A farmer was milking his cow. He was just starting to get a good rhythm going when a bug flew into the barn and started circling his head. Suddenly, the bug flew into the cow's ear. The farmer didn't think much about it, until the bug squirted out into his bucket. It went in one ear and out the udder.


----------



## Scout (Jun 9, 2009)

LOL Oh, that's bad!


----------



## wynedot55 (Jun 9, 2009)




----------



## Farmer Kitty (Jun 9, 2009)




----------



## Chirpy (Jun 9, 2009)




----------



## WildRoseBeef (Jun 9, 2009)

LMAO that's a good one.


----------



## Thewife (Jun 9, 2009)




----------



## Rence (Jun 10, 2009)

I'm ashamed to admit I had to read that twice.

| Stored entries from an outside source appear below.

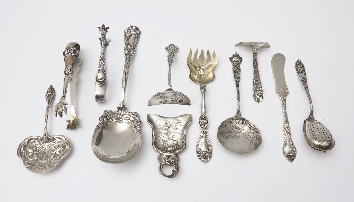 COLLECTION ART NOUVEAU STERLING TABLEWARE: 11 pieces to include 1) Paye & Baker tea brewer teaspoon. 2) Blackington Butter spreader. 3) Attrib. Paye & Baker ''Who Killed Cock Robin'' baby food pusher. 4) Whiting baby food pusher. 5) Bon Bon server with woman's head atop, illegible mark. 6) Gorham Bon Bon server. 7) Unger Brothers tea caddy spoon with water lilies. 8) Unger Brothers sardine fork ''La Fleurette'' pattern. 9) Durgin retailed by Shreve, Crump & Lowe serving spoon, 7 3/4'' long. 10) Blackington floral sugar tongs. 11) Shiebler floral sugar tongs. Some pieces monogrammed. 8.1 troy oz.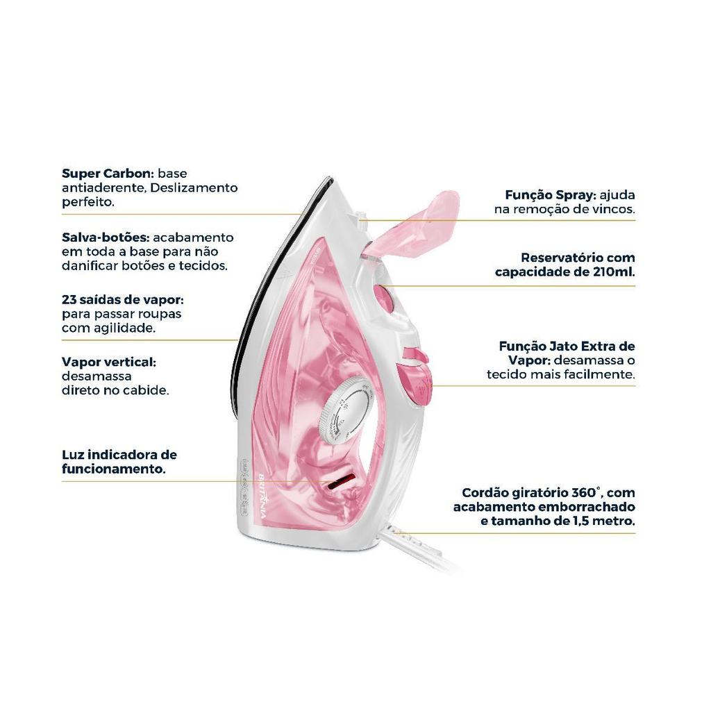 Ferro de Passar a Vapor Britânia Rosa Vapor Extra BFVE01A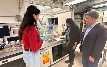 From left are Kavya S. Keremane, postdoctoral researcher in materials science and engineering;
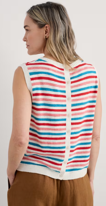 SEASALT CORNWALL Knavock Cotton-Linen Knitted Vest - Mini Cornish Pink Sky Mix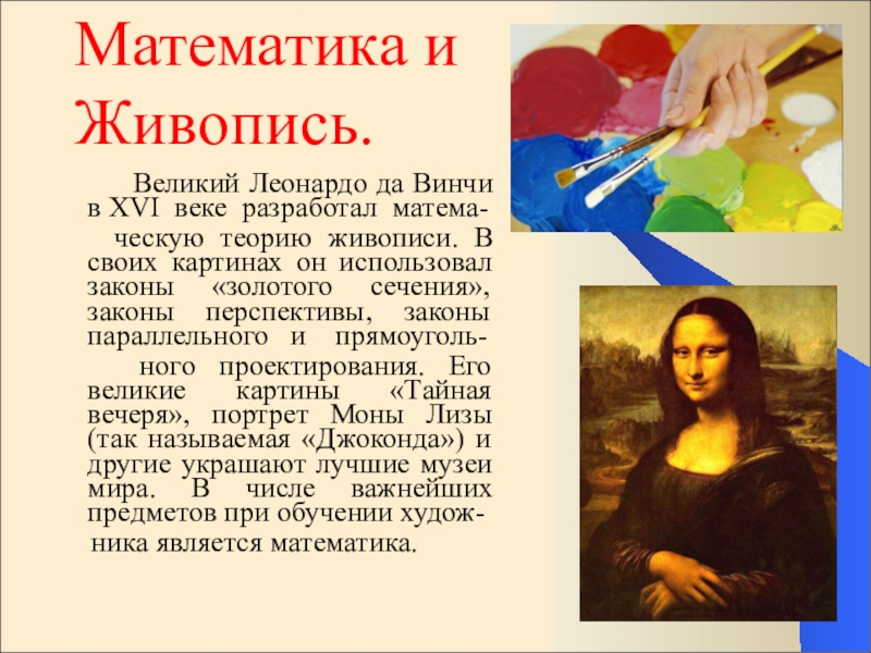 ного проектирования. Его великие картины «Тайная вечеря», портрет Моны Лизы (так называемая «Джоконда») и другие украшают лучшие музеи мира. B числе важнейших предметов при обучении худож-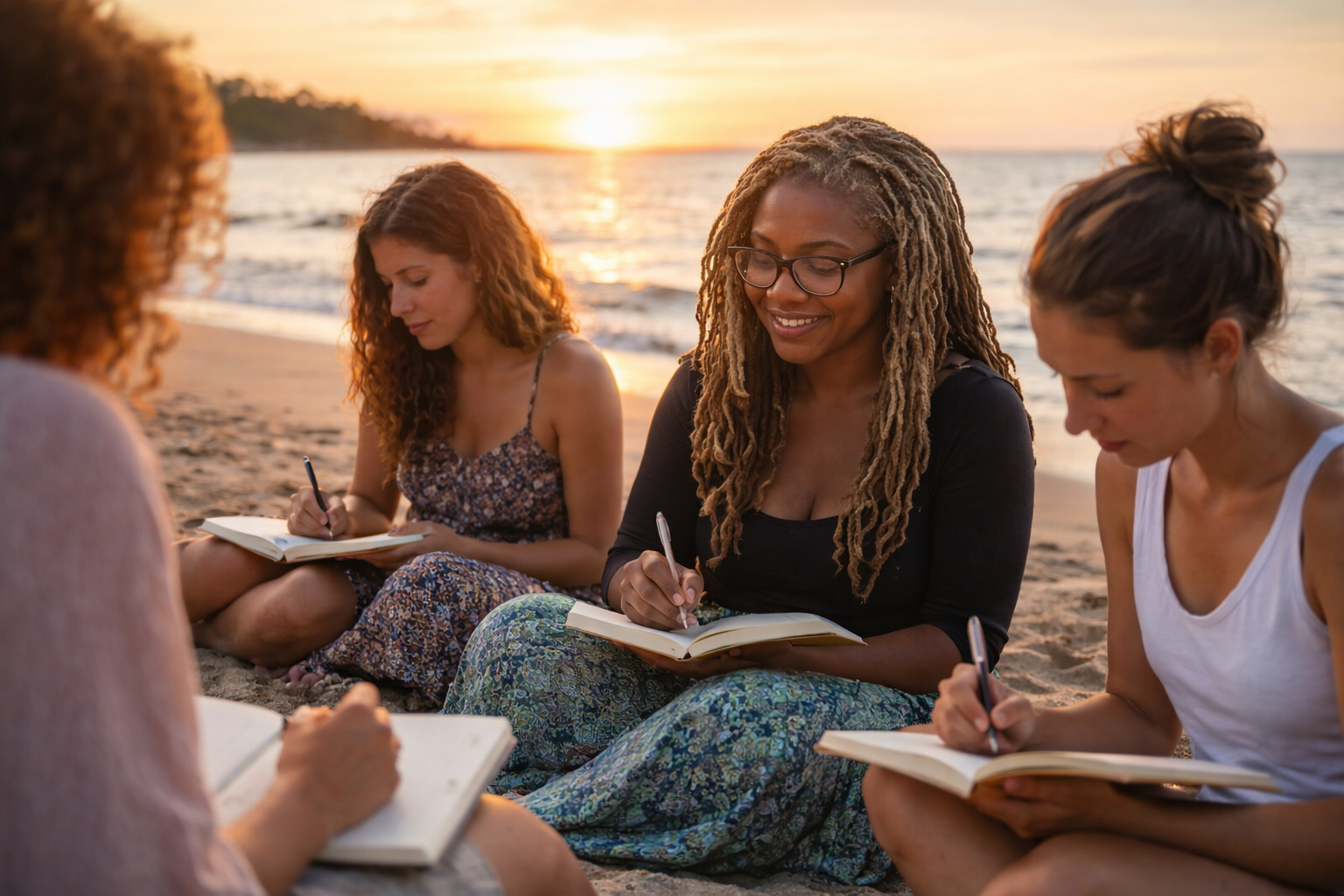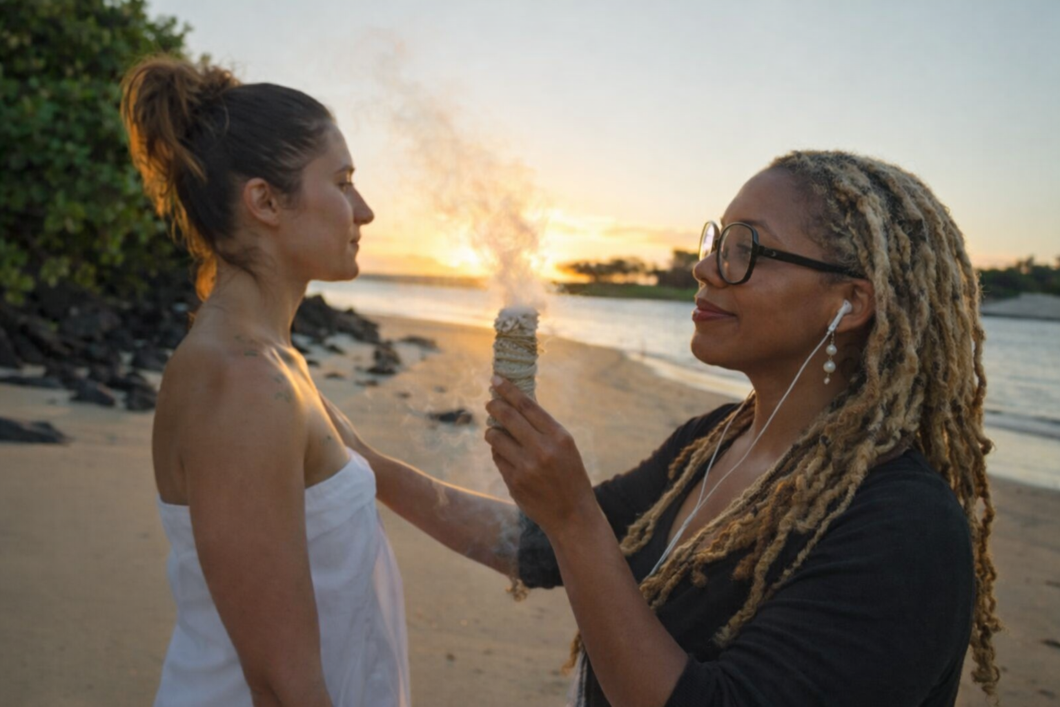 Rather than simply visiting the beach, you’ll be led through a thoughtfully structured yet relaxed flow that combines grounding, reflection, and connection to the natural setting. The experience includes gentle breathwork, guided journaling prompts, and a soft smoke cleansing using sage or incense to help create a calm and focused atmosphere.

But, better late than never


----------



## Kute Kitten (Jun 10, 2009)

This thread should have a lot of laughs for it!


----------



## wafflesmom (Sep 13, 2009)

Hahaha


----------



## Evilkitty162 (Nov 6, 2009)

bad pun,  bad pun


----------



## ChickenGirl11 (Dec 11, 2010)

lol


----------



## kelsey2017 (Feb 15, 2011)

I can't wait to use that one on my Dad, he tells the worst! Now I can get him back, thanks!


----------



## elevan (Mar 6, 2011)

Oh, that is so bad!


----------